Struggling To Stay In Orbit: Will Centrifugal Forces Eventually Force The EAC Into A Tailspin?
In this Greater Horn of East Africa (GHEA) Outlook, three trends are examined that at first do not seem connected. The Democratic Republic of Congo (DRC) has been a victim of constant violence, corruption, wars and exploitation for many decades. There seems to be no end in sight to the conflict and instability that its citizens have long suffered. Today, it is at the center of gravity in the vortex of violence in the region. Three of the five East African Community (EAC) countries - Tanzania, Rwanda and Uganda - are both directly and indirectly involved, with negative consequences that could potentially spiral out of control.
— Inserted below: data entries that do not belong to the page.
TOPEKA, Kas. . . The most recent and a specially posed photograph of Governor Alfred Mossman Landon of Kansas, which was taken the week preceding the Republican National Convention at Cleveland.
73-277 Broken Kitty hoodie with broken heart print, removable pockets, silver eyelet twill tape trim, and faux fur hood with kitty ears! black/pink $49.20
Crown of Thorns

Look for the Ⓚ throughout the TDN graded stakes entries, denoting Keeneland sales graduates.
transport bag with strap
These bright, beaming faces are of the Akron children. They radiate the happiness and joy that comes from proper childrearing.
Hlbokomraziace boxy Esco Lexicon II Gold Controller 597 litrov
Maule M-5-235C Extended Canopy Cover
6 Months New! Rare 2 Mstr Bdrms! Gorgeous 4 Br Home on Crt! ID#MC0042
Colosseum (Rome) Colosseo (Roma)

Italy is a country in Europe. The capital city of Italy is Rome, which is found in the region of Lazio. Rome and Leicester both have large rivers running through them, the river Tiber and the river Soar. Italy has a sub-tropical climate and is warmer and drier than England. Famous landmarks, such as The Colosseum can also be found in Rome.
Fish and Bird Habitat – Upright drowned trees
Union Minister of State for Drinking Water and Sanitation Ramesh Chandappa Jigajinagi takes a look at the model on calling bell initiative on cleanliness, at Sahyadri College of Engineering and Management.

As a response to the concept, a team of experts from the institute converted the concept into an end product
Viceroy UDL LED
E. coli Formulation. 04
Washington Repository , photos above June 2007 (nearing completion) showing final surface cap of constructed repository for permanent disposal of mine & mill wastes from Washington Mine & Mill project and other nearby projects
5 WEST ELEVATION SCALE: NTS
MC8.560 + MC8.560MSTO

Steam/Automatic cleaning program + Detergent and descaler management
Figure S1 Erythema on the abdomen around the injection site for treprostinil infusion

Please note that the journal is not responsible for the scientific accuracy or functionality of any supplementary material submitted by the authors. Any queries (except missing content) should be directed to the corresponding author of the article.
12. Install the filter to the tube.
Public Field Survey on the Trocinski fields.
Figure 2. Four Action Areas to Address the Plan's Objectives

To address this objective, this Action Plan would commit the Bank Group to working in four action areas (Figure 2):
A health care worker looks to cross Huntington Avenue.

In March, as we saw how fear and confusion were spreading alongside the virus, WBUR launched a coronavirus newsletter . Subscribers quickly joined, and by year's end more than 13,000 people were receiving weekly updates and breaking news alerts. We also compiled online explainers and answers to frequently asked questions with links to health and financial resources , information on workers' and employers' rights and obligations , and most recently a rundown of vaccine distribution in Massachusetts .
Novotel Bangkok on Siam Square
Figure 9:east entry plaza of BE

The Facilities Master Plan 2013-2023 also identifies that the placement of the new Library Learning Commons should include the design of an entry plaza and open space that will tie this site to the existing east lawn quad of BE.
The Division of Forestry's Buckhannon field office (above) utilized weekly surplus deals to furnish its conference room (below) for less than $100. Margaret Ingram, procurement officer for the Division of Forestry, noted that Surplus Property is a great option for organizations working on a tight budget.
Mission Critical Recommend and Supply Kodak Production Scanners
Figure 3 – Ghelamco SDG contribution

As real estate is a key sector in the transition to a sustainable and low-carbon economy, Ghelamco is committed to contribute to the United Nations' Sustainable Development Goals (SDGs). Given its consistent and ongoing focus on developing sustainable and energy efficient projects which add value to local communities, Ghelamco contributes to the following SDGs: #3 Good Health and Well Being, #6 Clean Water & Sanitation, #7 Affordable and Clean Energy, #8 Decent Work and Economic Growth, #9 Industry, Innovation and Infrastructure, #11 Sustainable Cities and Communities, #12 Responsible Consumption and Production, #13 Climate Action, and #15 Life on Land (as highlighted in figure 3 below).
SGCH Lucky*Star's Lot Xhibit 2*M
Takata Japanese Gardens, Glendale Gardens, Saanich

The conditions for a Second Congo War could well be aligning, and in that event, the GHEA faces even greater destabilization, a huge humanitarian disaster and even deeper refugee crisis. It would certainly undermine the spirit of regional integration.
This leads us to the second trend that this Outlook examines - signs of a widening fissure within the EAC itself. In a span of a few months, Tanzania, and to a lesser extent Burundi, have been perceived as isolating themselves from the broader EAC. What at first seemed to be media-fuelled 'snubs' took on more concrete dimensions during July and August 2013 with a series of public spats between the governments of Rwanda and Tanzania. The conflict in the DRC cannot be seen in isolation from the tensions that have emerged within the EAC between Tanzania and Rwanda. The pro-integration wing of the EAC has also expressed a more general sense of frustration with Tanzania, with the idea of political federation being picked up again in a regional summit that apparently excluded Tanzanian participation by design. Again, political instability and insecurity are poisoning a process of potentially welfare-improving regional integration.
Violence and instability can sometimes create unintended consequences and spark new ways of resilience, especially when the state cannot support its citizens. One such form of resilience is the creation and use of complementary and alternative currencies that could potentially support poor and vulnerable populations who are effectively shut out of the formal monetary economy. Complementary currencies could be one way of coping with economic marginalization if allowed to thrive. The Kenyan experience in this regard, albeit its apparent false start, suggest that there is nervousness within officialdom of these instruments. Will East Africa's governments encourage such innovations or frown upon them? Will they become useful allies in poverty reduction or just another experiment of dubious value? Only time will tell.